*EXERCISE GOAL*
Copy all lines holding the word "that" from the entries.

*Stored dataset items*
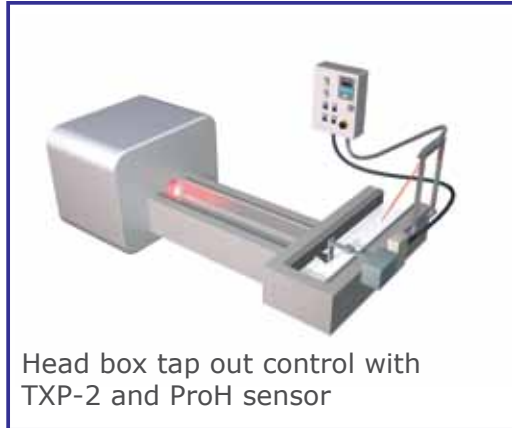
Head box tap out control with TXP-2 and ProH sensor

This small and compact Tap Out Actuator is primarily used for control of metal flow through a pin plug valve in head box applications.
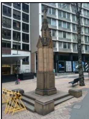
The Richard Johnson Memorial sits on the site of Australia's first church.
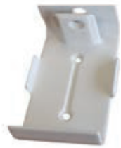
optional wall mounting bracket
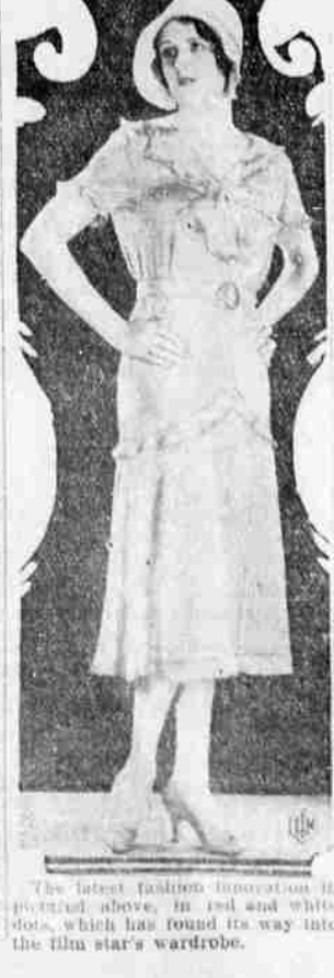
The latest fashion innovation in dress, which has found its way into the film star's wardrobe.
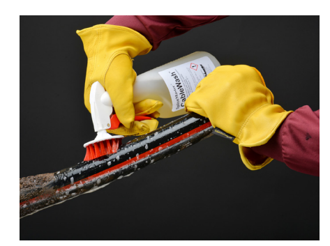
Brush head removes dirt easily

Polywater<sup>®</sup> CableWash<sup>™</sup> is a water-based cleanser that can be used even in cold weather environments to safely and effectively remove mud, dirt, and grime from cable jackets without harm. Cable cleaners, when sprayed directly onto jackets, can adversely affect their properties.
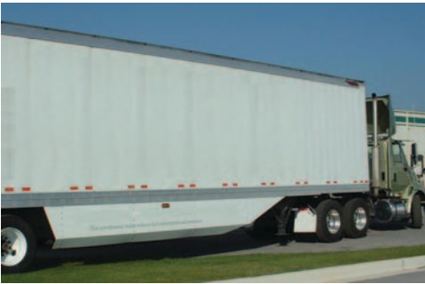
Figure 3.4 Example of Freight Vehicle Aerodynamic Improvements
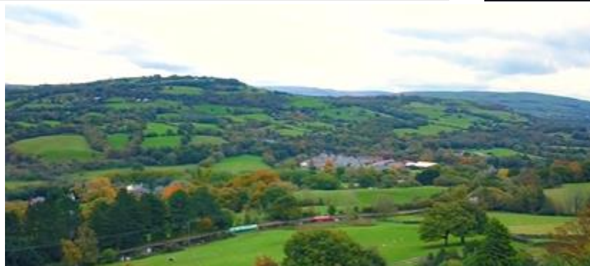
The beautiful village of Marple

"How beautiful on the mountains are the feet of the messenger who brings good news, the good news of peace and salvation, the news that the God of Israel reigns!" Isaiah 52:7 NLT
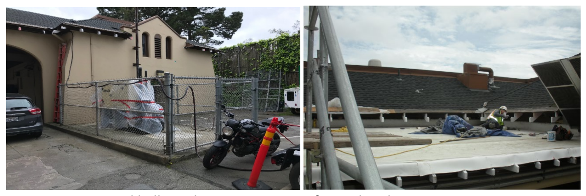
New generator and belly tank.
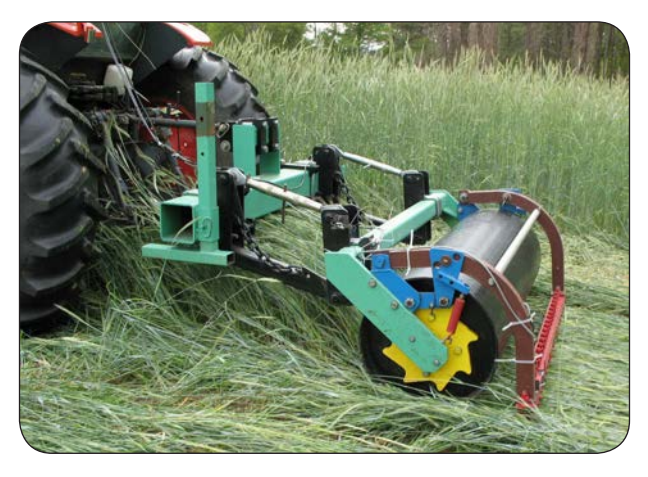
Smooth roller with oscillating crimping bar assembly

(Kornecki et al, 2009, U.S. Patent #7,604,067 B1)
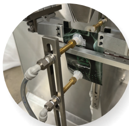
Vaccum Opening Sensor
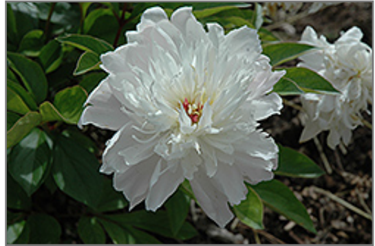
Miss Salway Peony flowers

*ANSWER TO THIS EXERCISE*
Polywater<sup>®</sup> CableWash<sup>™</sup> is a water-based cleanser that can be used even in cold weather environments to safely and effectively remove mud, dirt, and grime from cable jackets without harm. Cable cleaners, when sprayed directly onto jackets, can adversely affect their properties.
"How beautiful on the mountains are the feet of the messenger who brings good news, the good news of peace and salvation, the news that the God of Israel reigns!" Isaiah 52:7 NLT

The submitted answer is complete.